Part 1: Non-thresholded Gene set Enrichment Analysis


Objectives

  • To analyze C2 Reactom Geneset published 2023 by using Non-thresholded gene enrichment analysis
  • Doing pre-ranked analysis on the geneset containing different species' reaction pathways
  • Summarizing gene enrichment results, defining key genes from the Reactome geneset, underlying the validity of the pre-ranked geneset from the analysis
  • Comparing thresholded analysis from Assignment 2 to the non-thresholded analysis in Assignment 3

GSEA: Computational method that allows previously defined genes to show statistical significance in terms of over-expression or down-expression. Which indicates the phenotype associated with the trait. GSEA uses statistical approaches to come up with the highest enriched gene pathways associated with either geneset along with the pre-ranked gene list or geneset per se.

Jaccard Similarity Coefficient: it is a similarity or difference between two datasets of shared and distinct features. The Jaccard similarity coefficient defines how similar two geneset are.
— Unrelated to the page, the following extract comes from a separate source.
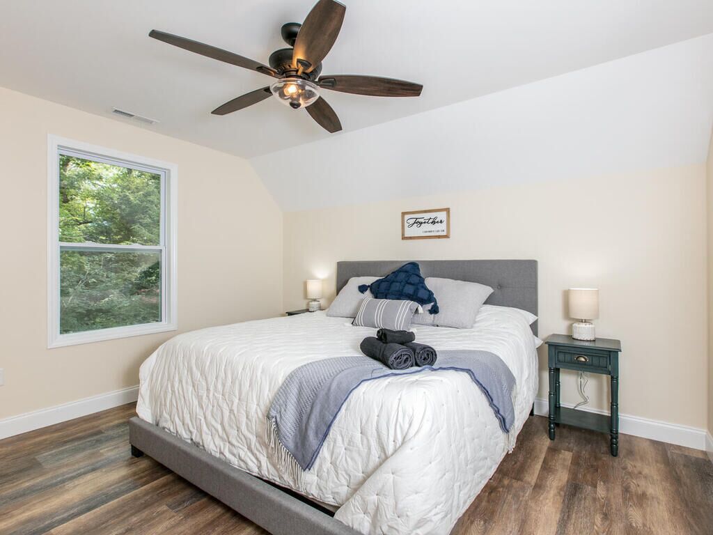 SLEEPS 20| HOT TUB| ARCADE GAME| FOOSEBALL| CORNHOLE Have a large group, but want to stay together? Sleeps 20. Rent both cottages and enjoy time together, parking for 5 cars, central to all your needs. Enjoy the privacy of these cottages, tucked behind Lake Tomahawk. Each home has a hot tub, a fooseball table, arcade game and firepits! You are a short drive from Downtown Asheville, Biltmore, and even closer to the charm that downtown Black Mountain has to offer. Spend the day hiking, zip lining, mountain biking, wine testing, or exploring art museums. The variety is endless in the mountains of North Carolina.

The similarity coefficient index is set from 0-1 in a way to set up the cut-off.

Cytoscape: it is an open-source program that allows visualization of enriched gene maps by using different apps, and parameters as well as different analyses such as post-analysis by using different genesets.

Duration

Date started: 25 March 2023 Data finished: 28 March 2023

Time estimated: ~4 hours| Time took: ~5 hours

Steps Taken

  • Downloaded the geneset
  • Analyzed the geneset
  • Used GSEA for pre-ranked gene enrichment analysis
  • Compared gene enrichment results to the thresholded gene enrichment results
  • Used stringent search parameters to detect genes from different Reactome genesets including pathways from different species.

image

Figure 1 GSEA running on Pre-ranked Gene List Panel: I used no collapse to remap gene symbols to avoid confusion. 200 max gene size and 15 min gene size to have more stringent values. I used 1000 permutations that allowed for a shorter running time.

Conclusion

The enrichment results outline the gene pathways along with genesets associated with those pathways to be similar to those I observed in my thresholded gene enrichment analysis by using g:Profile.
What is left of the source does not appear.